Dbajmy o pamięć
Treść
Lekarze są podzieleni co do tego, czy choroba Alzheimera atakuje częściej osoby wykształcone czy też ludzi z mniejszym potencjałem intelektualnym. Jedno jest pewne: umiejętne korzystanie z zasobów swojej pamięci, uruchamianie szarych komórek, ale nie zaśmiecanie mózgu niepotrzebnymi informacjami, na pewno będzie korzystne dla zdrowia psychicznego.
To, czy będziemy zdrowi psychicznie i fizycznie, w dużej mierze zależy m.in. od tego, jak się odżywiamy.
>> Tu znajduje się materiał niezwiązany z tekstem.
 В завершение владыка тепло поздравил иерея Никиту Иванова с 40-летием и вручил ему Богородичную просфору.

Ograniczając tłuste i obfite posiłki, a także węglowodany - zalegające w przewodzie pokarmowym - unikniemy uczucia zmęczenia oraz zmniejszenia sprawności naszego umysłu. Nasza dieta powinna obfitować w cynk - dużo jest go m.in. w rybach, ziarnach zbóż i fasoli, w magnez - znajduje się np. w gorzkiej czekoladzie, witaminy np. C, E i beta-karoten, które znajdziemy w takich warzywach i owocach, jak: marchewka, cytryna, ananas, banany. Z kolei soja bogata w lecytynę nie tylko poprawia pamięć, ale też przyspiesza wymianę informacji w mózgu, natomiast ryby morskie dostarczają mózgowi niezbędnego budulca, czyli kwasów tłuszczowych. Unikajmy oczywiście nadmiaru alkoholu, który skutecznie niszczy mózg.
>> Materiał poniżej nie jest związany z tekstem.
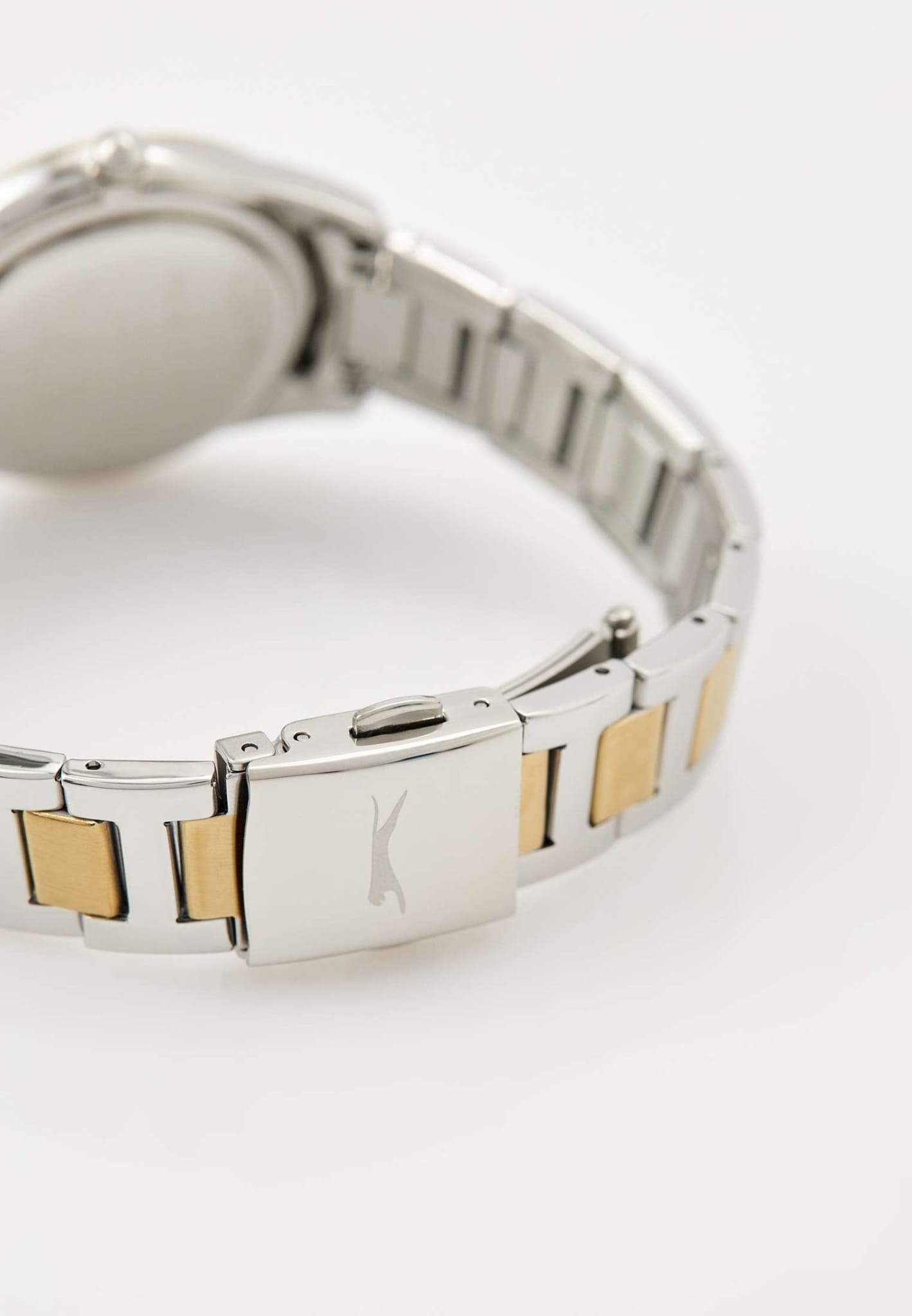Часы Slazenger SL.09.2253.3.02 — это стильная и элегантная модель, созданная для тех, кто ценит утонченность и надежность. Корпус выполнен из прочного металла, а изящный серебристый браслет с частичным золотистым IP-покрытиемIP-покрытиеМетод ионного напыления. Демонстрирует повышенную устойчивость к истиранию, окислению и химическим веществам. Под воздействием высокого давления и температуры около 1500°C молекулы металла надёжно соединяются с частицами корпуса часов. оснащен удобной раскладной застёжкойРаскладная застёжкаТакой тип застёжки используется только на браслетах из металла. Она никогда не раскрывается полностью, происходит разделение на 2 и более частей. Раскладывающая застёжка снизит вероятность потери часов к минимуму.. На безельБезельВнешний ободок, закрепляющий стекло. В спортивных часах так называется поворотное кольцо с делениями на циферблате, выполняет роль таймера – замеряет отрезки времени на шкале. Неподвижный безель – элемент декора. Однонаправленно вращающийся безель на дайверских часах позволяет фиксировать моменты погружения и выныривания на поверхность. нанесено золотистое IP-покрытиеIP-покрытиеМетод ионного напыления. Демонстрирует повышенную устойчивость к истиранию, окислению и химическим веществам. Под воздействием высокого давления и температуры около 1500°C молекулы металла надёжно соединяются с частицами корпуса часов.. Минеральное стеклоМинеральное стеклоМинеральное стекло представляет собой искусственно выращенный минерал кварца. Такое стекло отличается особой устойчивостью к повреждениям и царапинам. Уступает по некоторым качествам сапфировому стеклу. защищает серебристый циферблат, украшенный сияющими кристаллами, придающими аксессуару особый шарм. Кварцевый механизм обеспечивает точность хода, а водозащита класса WR 30 позволяет не беспокоиться о случайных брызгах. Диаметр корпуса составляет 33 мм, ширина браслета — 16 мм, толщина корпуса — 8 мм, что делает эти часы аккуратными и комфортными для повседневной носки. Модель весит 70 грамм. Часы прекрасно дополнят как деловой, так и повседневный образ, подчеркивая индивидуальность своей обладательницы.

Ćwiczmy pamięć. W tym celu można czytać, rozwiązywać krzyżówki, uczyć się wierszy. Rozwijajmy także zainteresowania i nie rezygnujmy z nauki, niezależnie od wieku. Dbajmy także o higieniczny tryb życia, z odpowiednią ilością snu w nocy i ruchu w ciągu dnia. Ruch poprawia krążenie krwi, a ta dotlenia mózg, który lepiej i wydajniej pracuje. Likwidujmy również napięcia. Zbyt duże tempo życia, pośpiech i nadmiar obowiązków są równie niekorzystne, jak bezczynność i nuda. Nie zaniedbujmy leczenia chorób, które tylko pozornie nie mają związku z naszą pamięcią i uwagą. Nadciśnienie, cukrzyca i wszelkie alergie mogą pogarszać stan psychiczny, powodować zaburzenia w mózgu, a co za tym idzie - wpływać na pogorszenie uwagi, koncentracji i pamięci.
Nie czekajmy na znaczne pogorszenie pamięci i trudności z koncentracją, lecz w przypadku niepokojących objawów udajmy się do specjalisty.